**Action item**
Repeat the records below exactly, leaving out any pictures.

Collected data
++++++++

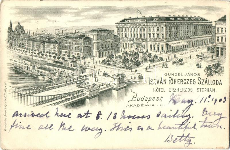 Budapest V. Gundel János István főherceg szállodája, Béla utca Akadémi...
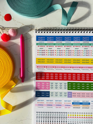 Included in your forget-me-not family calendar, are over 850 stickers. For example, if you're just terrible at getting it together to go out with your partner for a date night (like many of us) stick a date night sticker on your month, and, bam! hit up the cinema, go for an Early Bird or just take a walk without the kids. Ok - this planner isn't going to sort out your babysitter for you, but if it's on the wall, it's a start!
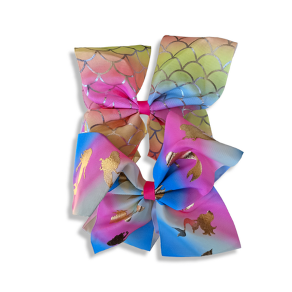 The second bow captures the essence of a mermaid’s iridescent scales, with its stunning rainbow mermaid scale pattern. It exudes a sense of ethereal beauty and uniqueness. This bow, too, comes with a convenient clip for easy attachment to various hair types and styles.
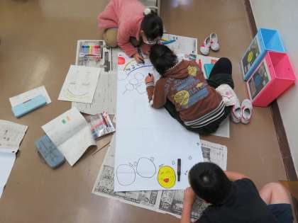 「上のほうは、僕がやるから下のほうはよろしく。」、「色塗りできるところからやっておくよ。」と、友達と協力しながら取り組んでいます。
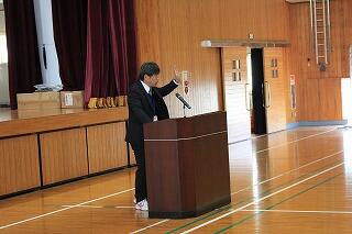 式のあとには、12月で丸野小を離れられる室屋先生の紹介が、校長先生からありました。
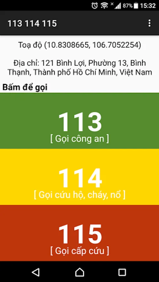 The application helps you contact support numbers in Vietnam with just one button without having to remember and enter each number:
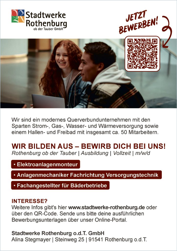 Weitere Infos gibt´s hier www.stadtwerke-rothenburg.de oder über den QR-Code. Sende uns bitte deine ausführlichen Bewerbungsunterlagen über unser Online-Portal.
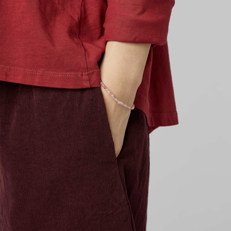 Pantalon à jambes larges en velours côtelé de coton. Bande élastique à la taille. Poches latérales rétractables. Coupe large et confortable.
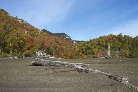 Conguillio National Park in southern Chile. Lake shore of Lago Conguillio surrounded by autumn trees.
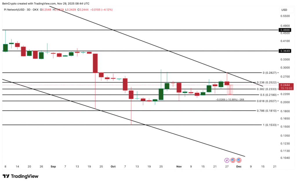 - Phần lớn năm 2025, giá Pi Coin có xu hướng đi xuống.
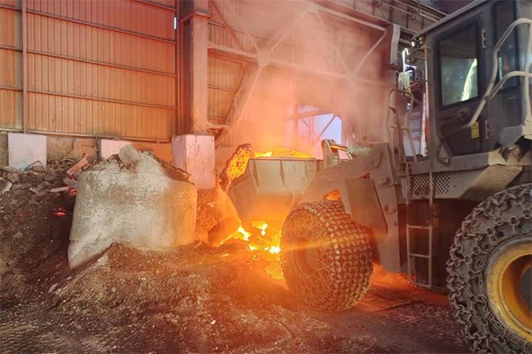 一台临工装载机轮胎上裹着防滑链冲进车间,在发动机的轰鸣中,铲斗猛地扎进火红的渣堆,铲出一斗冒着火苗和白烟的钢渣,碾压着烧红的地面,在火花四溅中把它转运到另一个车间,然后掉头再次冲向“火焰山”。
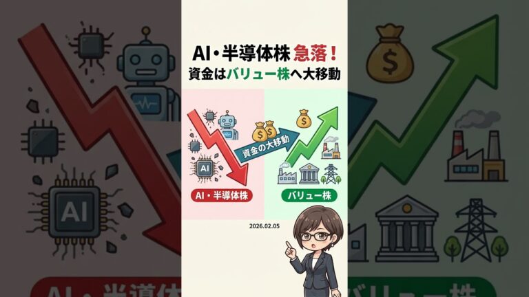【1分解説】AI・半導体株が急落!資金はバリュー株へ大移動【2026年02月05日】
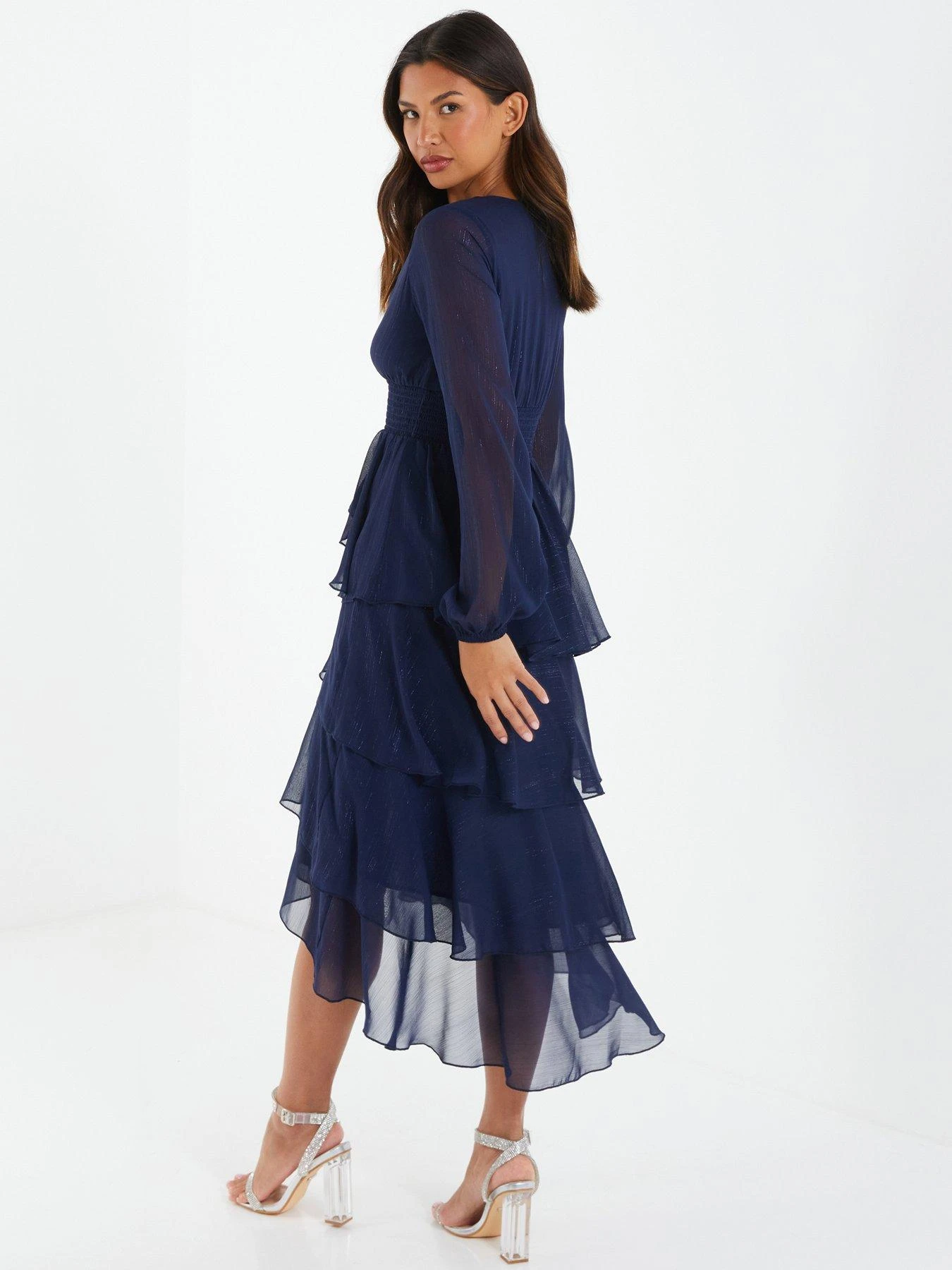 Quiz Navy Long Sleeve Tiered Midi Dress
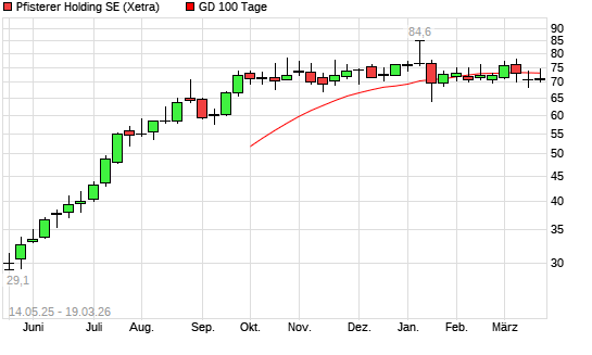 Mit dem Rücksetzer auf 72,90 EUR hat die Pfisterer Holding SE-Aktie am 18.03.2026 die 100-Tage-Linie nach unten gekreuzt.
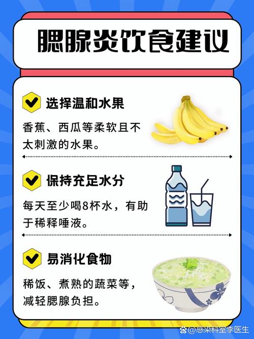 腮腺炎吃什么食物好?饮食要注意什么? 以下是针对腮腺炎不同阶段和症状的食物建议,以及需要避免的食物。(图片来源网络,侵删) 核心饮食原则 清淡易消化:生病期间,消化功能可能会减弱,应选择流质或半流质食物,减轻咀嚼和吞咽的负担。 温和不刺激:避免过酸、过辣、过烫、过硬的食物,这些会刺激腮腺,加重疼痛和肿胀。 营养均衡:保证充足的蛋白质、维...
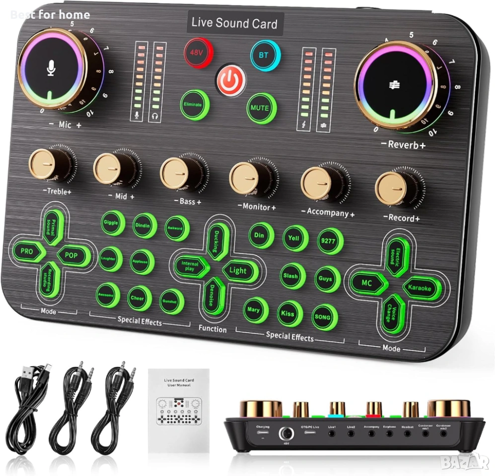 【Включен пакет】-- Комплектът за аудио миксер и подкаст за предаване на живо включва: Платка за звуков миксер x1, 3,5 мм аудио кабел x2, кабел за данни x1, ръководство за употреба x1. Дизайнът на звуковата карта и панела с бутони я прави лесна и лесна за използване, идеална за начинаещи или средно напреднали подкастъри. И предлагаме 1-годишен гаранционен период. Ако имате някакви въпроси или притеснения, моля не се колебайте да се свържете с нас.
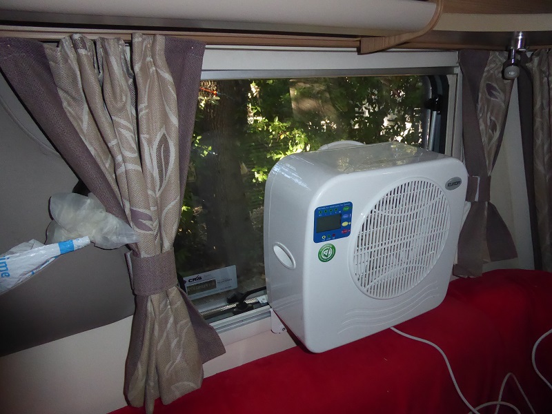 Cool My Camper Portable Aircon Unit. There are two parts, one inside the window & a similar sized one outside.
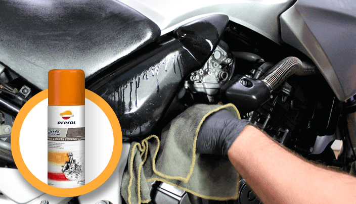 El uso de desengrasante, siempre diluido en agua, es aconsejable, pero solo para las partes sin cromar o de metal, basculante, escapes, etc. Además, estas suelen ser las más afectadas por la grasa. Al utilizar estos productos, nos aseguramos de que no entren en contacto con superficies delicadas.
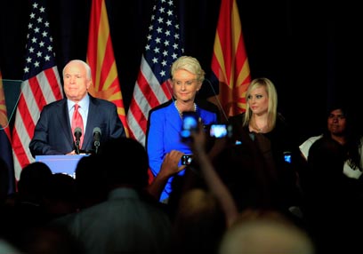 משפחת מקיין חוגגת ניצחון בפריימריז, בשבוע שעבר (צילום: AP)
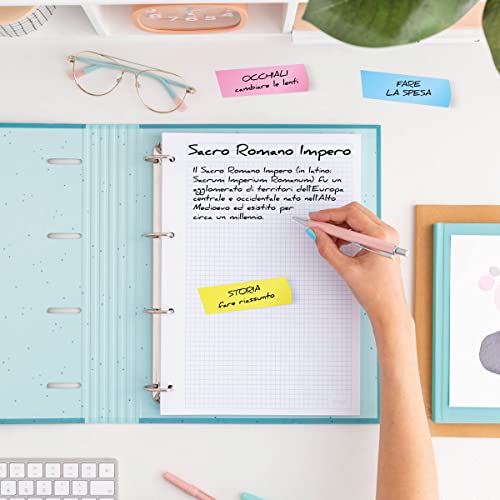 Segnapagina Blocchetti Memo Adesivi Linguette Adesive Colorate Segnalibri Sticky Notes Foglietti per la Scuola la Casa o l'Ufficio Multicolore (76x25 mm - 3x100 Fogli)
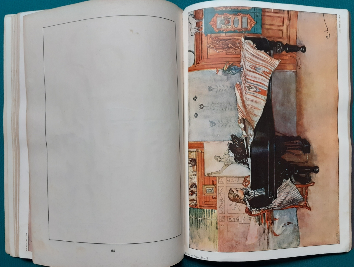 Druck von Carl Larsson Lisbeth Druck im Wechselrahmen hinter Glas; zweimal dicke Glasscheiben; Format 30 x 18 cm; ohne Passepartout hat das eigentliche Bild das Format 28 x 15,5 cm; guter altersgemäßer Zustand. Preis: 5 EURO |
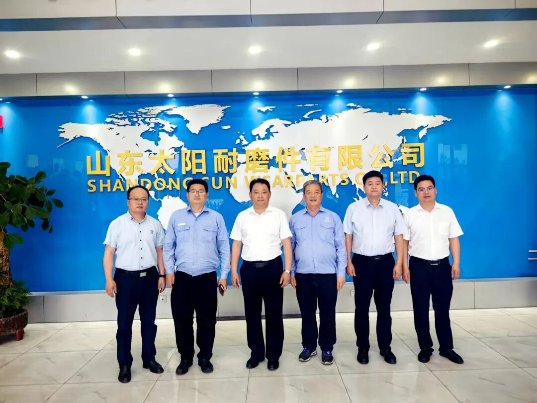 山钢股份张润生总经理一行访问太阳耐磨件2025-06-146月14日,山东钢铁股份有限公司(以下简称山钢)总经理张润生同志一行到访公司,与公司领导就进一步深化合作进行了交流与座谈。 公司董事长向到访的山钢客人介绍了近年来太阳耐磨件的发展情况。他说,太阳耐磨件立
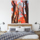 The image captures a vibrant autumn scene with a tall skyscraper peeking through a canopy of fiery red leaves. The branches of the trees, with their rough brown bark, frame the modern building, creating a striking contrast between nature and urban architecture. The leaves are a mix of deep crimson and orange, adding a warm and inviting feel to the composition.
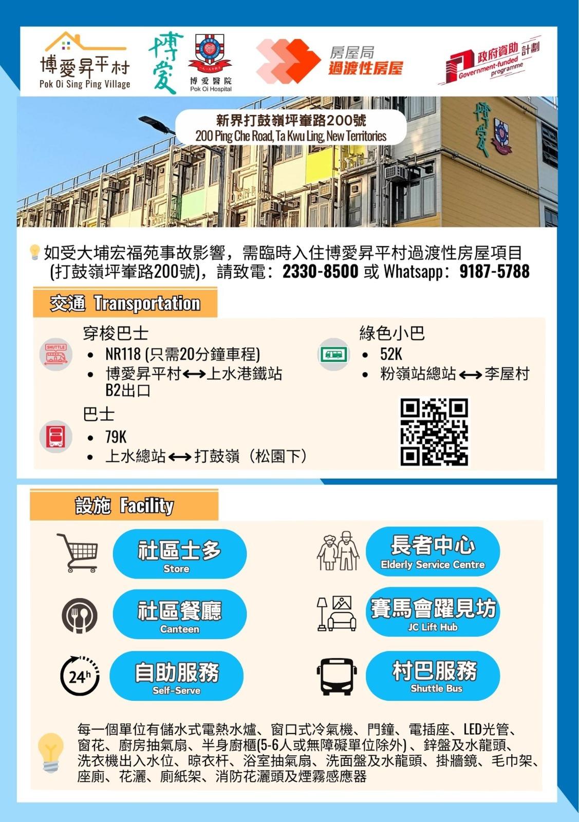 過渡性住房:為有需要居民安排入住「博愛江夏圍村」及「博愛昇平村」,並豁免租金。
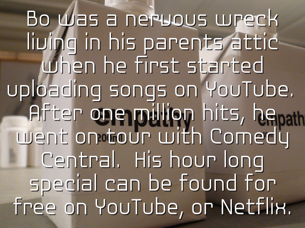 Bo was a nervous wreck living in his parents attic when he first started uploading songs on YouTube. After one million hits, he went on tour with Comedy Central. His hour long special can be found for free on YouTube, or Netflix.
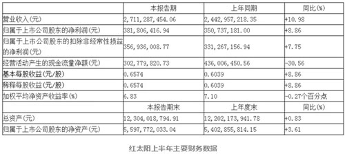 近日,南京红太阳股份有限公司(以下简称“红太阳”)发布了2018年半年度报告。报告期内,红太阳实现营业收入27.11亿元,同比上涨10.98%,其中,生物工程农业(生化环保农药、生化动物营养及中间体等,统筹“农药类”)销售收入26.89亿元,同比增长10.42%;归属于上市公司股东的净利润3.81亿元,同比上涨8.86%。
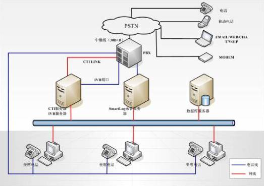 呼叫中心前端通信平臺(tái),主要由SIEMENS HiPath3800交換機(jī),計(jì)算機(jī)電話集成服務(wù)器(UltraCTI),交互式語(yǔ)音應(yīng)答服務(wù)器(ctsIVR),在線錄音監(jiān)聽服務(wù)器(SmartLog),數(shù)據(jù)庫(kù)服務(wù)器,MCI服務(wù)器以及傳真服務(wù)器幾個(gè)部分組成。中繼線采用30B+D接入。

++++++++

**Result of the task**
 Budapest V. Gundel János István főherceg szállodája, Béla utca Akadémi...
 Included in your forget-me-not family calendar, are over 850 stickers. For example, if you're just terrible at getting it together to go out with your partner for a date night (like many of us) stick a date night sticker on your month, and, bam! hit up the cinema, go for an Early Bird or just take a walk without the kids. Ok - this planner isn't going to sort out your babysitter for you, but if it's on the wall, it's a start!
 The second bow captures the essence of a mermaid’s iridescent scales, with its stunning rainbow mermaid scale pattern. It exudes a sense of ethereal beauty and uniqueness. This bow, too, comes with a convenient clip for easy attachment to various hair types and styles.
 「上のほうは、僕がやるから下のほうはよろしく。」、「色塗りできるところからやっておくよ。」と、友達と協力しながら取り組んでいます。
 式のあとには、12月で丸野小を離れられる室屋先生の紹介が、校長先生からありました。
 The application helps you contact support numbers in Vietnam with just one button without having to remember and enter each number:
 Weitere Infos gibt´s hier www.stadtwerke-rothenburg.de oder über den QR-Code. Sende uns bitte deine ausführlichen Bewerbungsunterlagen über unser Online-Portal.
 Pantalon à jambes larges en velours côtelé de coton. Bande élastique à la taille. Poches latérales rétractables. Coupe large et confortable.
 Conguillio National Park in southern Chile. Lake shore of Lago Conguillio surrounded by autumn trees.
 - Phần lớn năm 2025, giá Pi Coin có xu hướng đi xuống.
 一台临工装载机轮胎上裹着防滑链冲进车间,在发动机的轰鸣中,铲斗猛地扎进火红的渣堆,铲出一斗冒着火苗和白烟的钢渣,碾压着烧红的地面,在火花四溅中把它转运到另一个车间,然后掉头再次冲向“火焰山”。
【1分解説】AI・半導体株が急落!資金はバリュー株へ大移動【2026年02月05日】
 Quiz Navy Long Sleeve Tiered Midi Dress
 Mit dem Rücksetzer auf 72,90 EUR hat die Pfisterer Holding SE-Aktie am 18.03.2026 die 100-Tage-Linie nach unten gekreuzt.
 腮腺炎吃什么食物好?饮食要注意什么? 以下是针对腮腺炎不同阶段和症状的食物建议,以及需要避免的食物。(图片来源网络,侵删) 核心饮食原则 清淡易消化:生病期间,消化功能可能会减弱,应选择流质或半流质食物,减轻咀嚼和吞咽的负担。 温和不刺激:避免过酸、过辣、过烫、过硬的食物,这些会刺激腮腺,加重疼痛和肿胀。 营养均衡:保证充足的蛋白质、维...
 【Включен пакет】-- Комплектът за аудио миксер и подкаст за предаване на живо включва: Платка за звуков миксер x1, 3,5 мм аудио кабел x2, кабел за данни x1, ръководство за употреба x1. Дизайнът на звуковата карта и панела с бутони я прави лесна и лесна за използване, идеална за начинаещи или средно напреднали подкастъри. И предлагаме 1-годишен гаранционен период. Ако имате някакви въпроси или притеснения, моля не се колебайте да се свържете с нас.
 Cool My Camper Portable Aircon Unit. There are two parts, one inside the window & a similar sized one outside.
 El uso de desengrasante, siempre diluido en agua, es aconsejable, pero solo para las partes sin cromar o de metal, basculante, escapes, etc. Además, estas suelen ser las más afectadas por la grasa. Al utilizar estos productos, nos aseguramos de que no entren en contacto con superficies delicadas.
 משפחת מקיין חוגגת ניצחון בפריימריז, בשבוע שעבר (צילום: AP)
 Segnapagina Blocchetti Memo Adesivi Linguette Adesive Colorate Segnalibri Sticky Notes Foglietti per la Scuola la Casa o l'Ufficio Multicolore (76x25 mm - 3x100 Fogli)
 Druck von Carl Larsson Lisbeth Druck im Wechselrahmen hinter Glas; zweimal dicke Glasscheiben; Format 30 x 18 cm; ohne Passepartout hat das eigentliche Bild das Format 28 x 15,5 cm; guter altersgemäßer Zustand. Preis: 5 EURO |
 山钢股份张润生总经理一行访问太阳耐磨件2025-06-146月14日,山东钢铁股份有限公司(以下简称山钢)总经理张润生同志一行到访公司,与公司领导就进一步深化合作进行了交流与座谈。 公司董事长向到访的山钢客人介绍了近年来太阳耐磨件的发展情况。他说,太阳耐磨件立
 The image captures a vibrant autumn scene with a tall skyscraper peeking through a canopy of fiery red leaves. The branches of the trees, with their rough brown bark, frame the modern building, creating a striking contrast between nature and urban architecture. The leaves are a mix of deep crimson and orange, adding a warm and inviting feel to the composition.
 過渡性住房:為有需要居民安排入住「博愛江夏圍村」及「博愛昇平村」,並豁免租金。
 Bo was a nervous wreck living in his parents attic when he first started uploading songs on YouTube. After one million hits, he went on tour with Comedy Central. His hour long special can be found for free on YouTube, or Netflix.
 近日,南京红太阳股份有限公司(以下简称“红太阳”)发布了2018年半年度报告。报告期内,红太阳实现营业收入27.11亿元,同比上涨10.98%,其中,生物工程农业(生化环保农药、生化动物营养及中间体等,统筹“农药类”)销售收入26.89亿元,同比增长10.42%;归属于上市公司股东的净利润3.81亿元,同比上涨8.86%。
 呼叫中心前端通信平臺(tái),主要由SIEMENS HiPath3800交換機(jī),計(jì)算機(jī)電話集成服務(wù)器(UltraCTI),交互式語(yǔ)音應(yīng)答服務(wù)器(ctsIVR),在線錄音監(jiān)聽服務(wù)器(SmartLog),數(shù)據(jù)庫(kù)服務(wù)器,MCI服務(wù)器以及傳真服務(wù)器幾個(gè)部分組成。中繼線采用30B+D接入。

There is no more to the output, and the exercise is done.